Boiled Cabbage

Pick off the outer green leaves, quarter, examine carefully to be sure there are no insects in it, and Jay for an hour in cold water. Then put into a pot with plenty of boiling water, and cook fifteen minutes. Throw away the water, and fill up the pot from the boiling tea-kettle. Cook until tender all through. Three-quarters of an hour will do for a good-sized cabbage when young. Late in the season you must be guided by the tenderness of the stalk. Drain well, chop, and stir in a tablespoonful of butter, pepper, and salt. Serve very hot. If you boil corned beef or pork to eat with cabbage, let the second water be taken from the pot in which this is cooking. It will flavor it nicely.

Always boil cabbage in two waters.

Bacon And Cabbage

This, I need hardly say, is a favorite country dish at the South. The old-fashioned way of preparing it was to boil meat and cabbage together, and serve, reeking with fat, the cabbage in quarters, soaking yet more of the essence from the ham or middling about which it lay. In this shape it justly earned a reputation for grossness and indigestibility that banished it, in time, from many tables.

Yet it is a savory and not unwholesome article of food in winter, if the cabbage be boiled in two waters, the second being the "pot liquor" from the boiling meat. Drain thoroughly in a cullender, pressing out every drop of water that will flow, without breaking the tender leaves; and when the meat is dished, lay the cabbage neatly about it, and upon each quarter a slice of hard-boiled egg.
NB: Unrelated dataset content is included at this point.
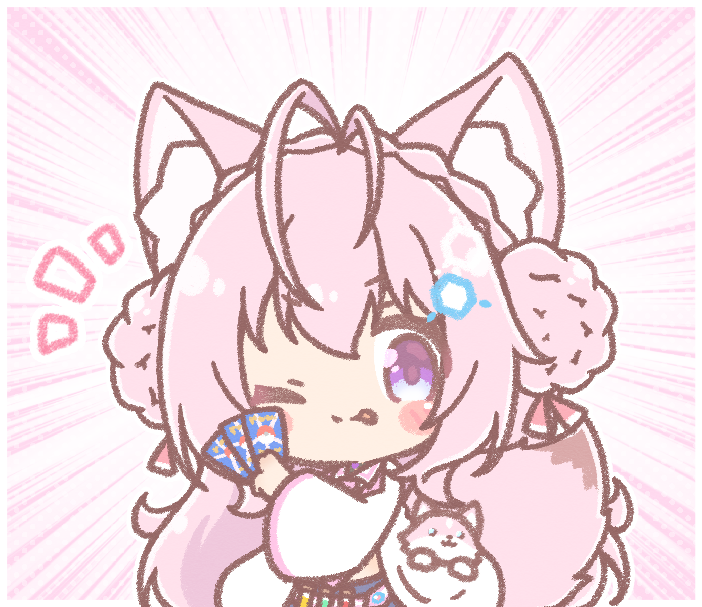 1girl ;p animal_ear_fluff animal_ears blue_skirt blush_stickers card chibi closed_mouth collared_shirt commentary_request double_bun emphasis_lines hair_bun hakui_koyori hakui_koyori_(1st_costume) highres holding holding_card hololive in_pocket jacket kokoro_(hakui_koyori) long_hair long_sleeves mitarashi_neko nintendo notice_lines one_eye_closed open_clothes open_jacket pink_hair pokemon pokemon_tcg shirt skirt smile tail tongue tongue_out very_long_hair vial virtual_youtuber white_jacket white_shirt wide_sleeves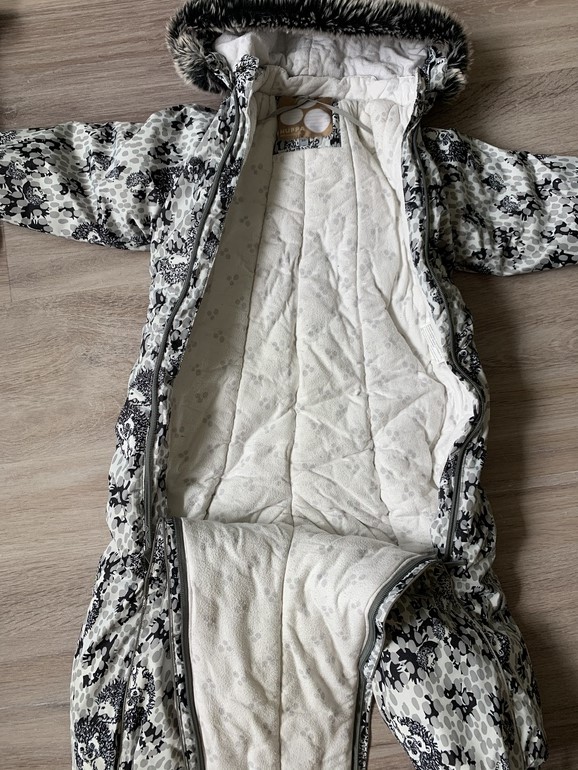 3. Комбинезон весна-осень на 68-74. Ручки закрываются, открываются, ножки сшиты ползунками (не открываются) (на фото видно) Внутри на хлопке. Размер 74. Мех отстегивается. В идеальнейшем состоянии. 1200руб.

When you eat, season with pepper, salt, and vinegar.

Stuffed Cabbage

Choose for this purpose a large, firm cabbage. Take off the outer leaves, and lay in boiling water ten minutes, then in very cold. Do this several hours before you are ready to stuff it. When perfectly cold, bind a broad tape about it, or a strip of muslin, that it may not fall apart when the stalk is taken out. Remove this with a thin sharp knife, leaving a hole about as deep as your middle-finger. Without widening the mouth of the aperture, excavate the centre until you have room for four or five tablespoonfuls of the force-meat - more, if the head be large. Chop the bits you take out very small; mix with some cold boiled pork or ham, or cooked sausage-meat, a. very little onion, pepper, salt, a pinch of thyme, and some breadcrumbs. Fill the cavity with this, bind a wide strip of muslin over the hole in the top, and lay the cabbage in a large saucepan with a pint of "pot-liquor" from boiled beef or ham. stew gently until very tender. Take out the cabbage, unbind carefully, and lay in a dish. Keep hot while you add to the gravy, when you have strained it pepper a piece of butter rolled in flour, and two or three tablespoonfuls rich milk or cream. Boil up, and pour over the cabbage.